TASK TO CARRY OUT »
Going through the material below, output exactly the lines from the one containing "NOKA 骨瓷保鲜碗三件套 20419 漫庭芳" through the one containing "圖為志愿者張貼反詐宣傳單。大學(xué)生之聲 劉浩成 供圖", and no pictures.
Top of SOURCE INFORMATION
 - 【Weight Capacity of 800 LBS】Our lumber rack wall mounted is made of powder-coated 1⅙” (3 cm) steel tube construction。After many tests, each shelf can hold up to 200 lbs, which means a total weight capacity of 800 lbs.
Bottom of SOURCE INFORMATION
Top of SOURCE INFORMATION
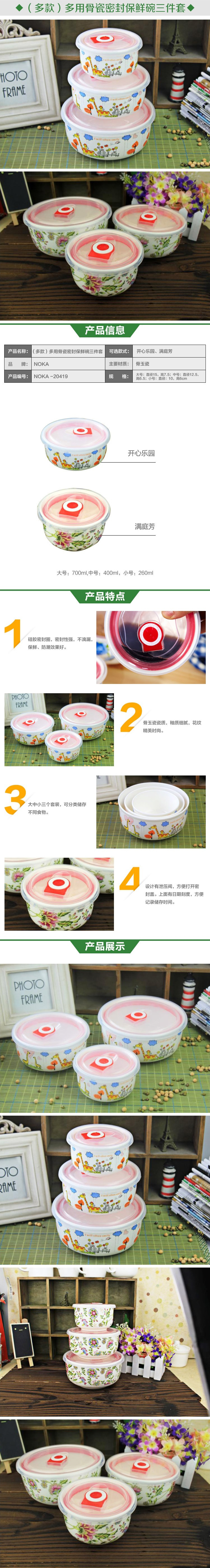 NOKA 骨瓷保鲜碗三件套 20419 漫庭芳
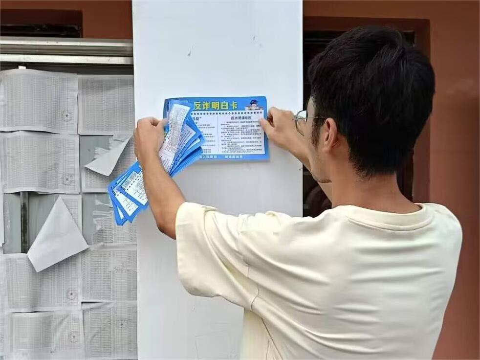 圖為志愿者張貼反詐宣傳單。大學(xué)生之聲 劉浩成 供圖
Bottom of SOURCE INFORMATION
TASK ANSWER »
 NOKA 骨瓷保鲜碗三件套 20419 漫庭芳
 圖為志愿者張貼反詐宣傳單。大學(xué)生之聲 劉浩成 供圖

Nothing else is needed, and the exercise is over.